Without their communities, services such as Facebook and Digg would be of little value to advertisers, investors and potential acquirers.
This has created an interesting dynamic. Many Web 2.0 startups are controlled by their communities more than they control their communities. This means that, in essence, their most valuable assets are not really in their possession.
The importance of communities, which can be fickle and potentially volatile, to Web 2.0 startups has significant implications for all parties involved:
- Startups really have limited control over the asset that creates perceived value in their companies. In many cases, the asset of community can quickly turn into a liability when the community isn’t happy and therefore startups may have a limited ability to execute their plans and implement new initiatives as freely as they would like or as is necessary.
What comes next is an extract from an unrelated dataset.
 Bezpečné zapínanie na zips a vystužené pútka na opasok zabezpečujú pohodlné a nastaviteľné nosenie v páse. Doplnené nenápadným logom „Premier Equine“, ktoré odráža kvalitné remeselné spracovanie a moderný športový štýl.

- Investors risk losing money when investments in community-driven services are hampered by user revolts or wrenches users throw into potential exit scenarios.
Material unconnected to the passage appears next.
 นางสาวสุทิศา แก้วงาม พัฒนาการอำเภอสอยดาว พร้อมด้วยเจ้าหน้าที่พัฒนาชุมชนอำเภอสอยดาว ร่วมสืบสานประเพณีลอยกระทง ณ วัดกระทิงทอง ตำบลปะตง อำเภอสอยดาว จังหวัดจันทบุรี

- Acquirers risk finding themselves holding the keys to community-driven services with no communities if users migrate away from the services they buy.
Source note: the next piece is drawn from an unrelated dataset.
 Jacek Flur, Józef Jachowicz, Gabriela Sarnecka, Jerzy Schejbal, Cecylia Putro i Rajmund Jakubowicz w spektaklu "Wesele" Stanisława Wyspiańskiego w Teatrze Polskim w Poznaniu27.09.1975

Digg may be the most visible case study. The victim of user revolts in the past, Digg is apparently finding that its desperate search for a buyer is being complicated by a vocal community whose most powerful members seem vehemently opposed to the idea that Digg could be bought by Google or, god forbid, Microsoft.
Digg’s plight is exaggerated by Digg’s demographic makeup – its most powerful users are predominantly male geeks who think that “use protection” means browsing the internet with an ad blocker, who are apt to list Microsoft as a member of the Axis of Evil and who believe the use of closed source software should be punishable by death.
Given this, it’s no surprise that the Digg community is not excited by the prospect that two of the largest technology companies could very well be running the show instead of Web 2.0 party-hopper Kevin Rose.
The situation must be especially frustrating to investors who have poured over $11 million into Digg at a hefty valuation. As it stands now, the company, like so many other Web 2.0 startups, seems woefully incapable of generating enough revenue to turn into a self-sustaining business that can reasonably be valued at what investors have bought in at.
Like other Web 2.0 favorites such as Facebook, Digg’s primary source of revenue is reportedly an advertising deal with Microsoft that guarantees it payments. Unfortunately but not at all surprisingly, Digg users apparently don’t click on ads.
In my opinion, Digg is bascially a startup that has nowhere better to go than Mountain View or Redmond if a free ride is being offered. Its users are simply hell-bent on blocking it.
Should every community-driven online service fear a fate like Digg’s? Not necessarily. The user reaction to MySpace’s acquisition by News Corp. was entirely uneventful and MySpace has done incredibly well under News Corp’s control from a growth and revenue standpoint. But MySpace has a markedly different demographic makeup than Digg and to News Corp’s credit, it did not make drastic changes to MySpace after it bought it.
I would argue that all of the Web 2.0 hoopla blinded people, especially investors, to the complexities and risks inherent in running community-driven services. Not only was the ease with which these services could be turned into killer marketing platforms overestimated, so too was the ease with which these services could be turned into potent businesses that could be sold off for large sums of money.
The investors who poured more than $13m into Friendster probably never anticipated that the vibrant community at the world’s most popular social network would essentially disappear, just as Friendster founder Jonathan Abrams probably never anticipated that turning down a $30m acquisition offer from Google would be his last shot at making an easy fortune.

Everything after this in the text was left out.